:: WHAT YOU SHOULD DO ::
Copy the listing below in full and skip every picture.

:: THE DATA ::

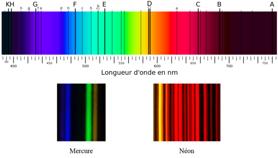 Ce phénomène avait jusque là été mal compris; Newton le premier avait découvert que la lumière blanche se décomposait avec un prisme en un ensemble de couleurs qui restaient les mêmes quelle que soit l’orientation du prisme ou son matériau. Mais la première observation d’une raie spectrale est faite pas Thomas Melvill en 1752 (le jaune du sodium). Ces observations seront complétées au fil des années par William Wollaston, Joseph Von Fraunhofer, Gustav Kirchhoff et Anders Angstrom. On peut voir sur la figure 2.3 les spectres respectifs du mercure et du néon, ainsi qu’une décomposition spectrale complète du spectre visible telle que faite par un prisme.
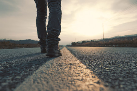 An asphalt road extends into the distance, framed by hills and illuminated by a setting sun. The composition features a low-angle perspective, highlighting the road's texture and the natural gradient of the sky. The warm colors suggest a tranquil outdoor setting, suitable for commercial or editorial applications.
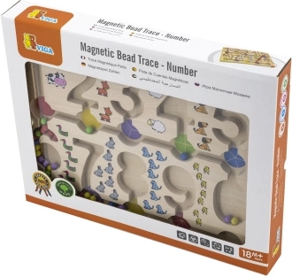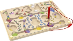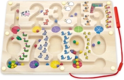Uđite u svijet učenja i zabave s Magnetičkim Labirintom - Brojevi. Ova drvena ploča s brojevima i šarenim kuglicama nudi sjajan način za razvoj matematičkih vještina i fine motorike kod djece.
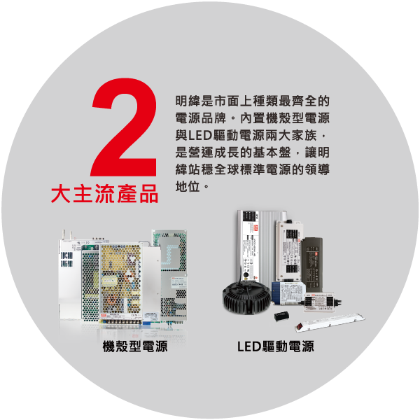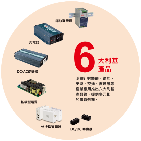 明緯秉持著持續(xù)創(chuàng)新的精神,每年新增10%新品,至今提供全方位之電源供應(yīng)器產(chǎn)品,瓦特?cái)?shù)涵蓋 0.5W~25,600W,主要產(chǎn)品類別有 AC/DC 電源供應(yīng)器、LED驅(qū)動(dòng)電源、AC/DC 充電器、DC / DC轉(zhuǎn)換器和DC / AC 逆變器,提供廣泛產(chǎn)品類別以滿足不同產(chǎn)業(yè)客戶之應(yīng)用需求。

:: OUTPUT BELOW ::
 Ce phénomène avait jusque là été mal compris; Newton le premier avait découvert que la lumière blanche se décomposait avec un prisme en un ensemble de couleurs qui restaient les mêmes quelle que soit l’orientation du prisme ou son matériau. Mais la première observation d’une raie spectrale est faite pas Thomas Melvill en 1752 (le jaune du sodium). Ces observations seront complétées au fil des années par William Wollaston, Joseph Von Fraunhofer, Gustav Kirchhoff et Anders Angstrom. On peut voir sur la figure 2.3 les spectres respectifs du mercure et du néon, ainsi qu’une décomposition spectrale complète du spectre visible telle que faite par un prisme.
 An asphalt road extends into the distance, framed by hills and illuminated by a setting sun. The composition features a low-angle perspective, highlighting the road's texture and the natural gradient of the sky. The warm colors suggest a tranquil outdoor setting, suitable for commercial or editorial applications.
Uđite u svijet učenja i zabave s Magnetičkim Labirintom - Brojevi. Ova drvena ploča s brojevima i šarenim kuglicama nudi sjajan način za razvoj matematičkih vještina i fine motorike kod djece.
 明緯秉持著持續(xù)創(chuàng)新的精神,每年新增10%新品,至今提供全方位之電源供應(yīng)器產(chǎn)品,瓦特?cái)?shù)涵蓋 0.5W~25,600W,主要產(chǎn)品類別有 AC/DC 電源供應(yīng)器、LED驅(qū)動(dòng)電源、AC/DC 充電器、DC / DC轉(zhuǎn)換器和DC / AC 逆變器,提供廣泛產(chǎn)品類別以滿足不同產(chǎn)業(yè)客戶之應(yīng)用需求。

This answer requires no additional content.